Она отвернулась. Ей было почему-то противно смотреть, как Анатолий медленно протирает платочком стекла очков.
- Да-а? Хорошо! Хорошо... Я рад! - Он засунул платочек в карман, тут же снова достал его и опять взялся протирать стекла. - Ну, а вообще... как ты живешь, Марочка?
Она вскочила, в гневе закричала:
- Ты бы спросил о своей матери!
Именно этого вопроса все время ждала Мария.
У Анатолия плетьми упали руки. Близоруко щурясь, он взглянул на нее.
- Я только что хотел спросить тебя об этом. Но я боялся услышать... Знаешь, мама в годах... Я готовил себя...

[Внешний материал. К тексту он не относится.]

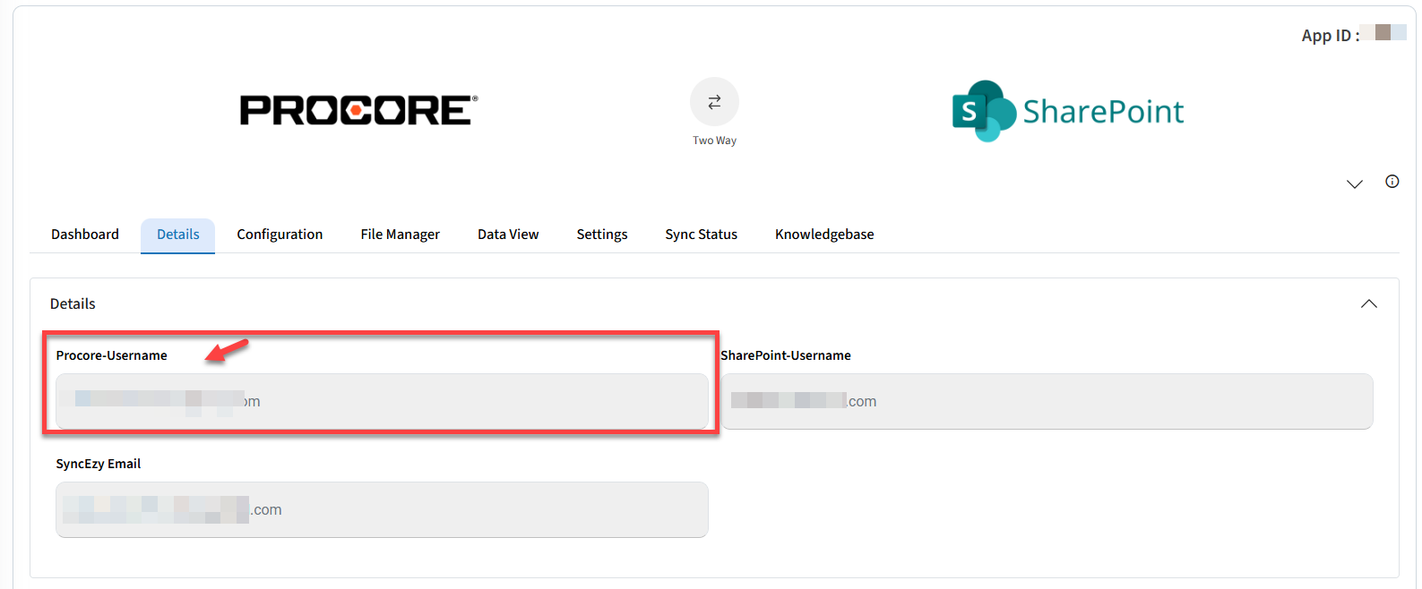 4. Once Reauthenticated you can see the updated connected account details in Procore Username field under the

Мария устало опустилась на стул, сказала презрительно:
- Мог не готовить. Она жива. И ждет, когда ее к себе возьмет родной сын.
Вздрагивающей рукой Анатолий надел очки, платочком вытер испарину со лба.
- Марочка, честное слово, это был мой первый вопрос! Но я никак не решался выговорить его. Не думай, что я забыл маму. Еще из Петрозаводска я посылал запрос. Директор мне ответил, что вы уехали неизвестно куда. Я пробовал справляться в министерстве, и мне сказали, что в числе номенклатурных ты не значишься, а о рядовых работниках у них нет сведений.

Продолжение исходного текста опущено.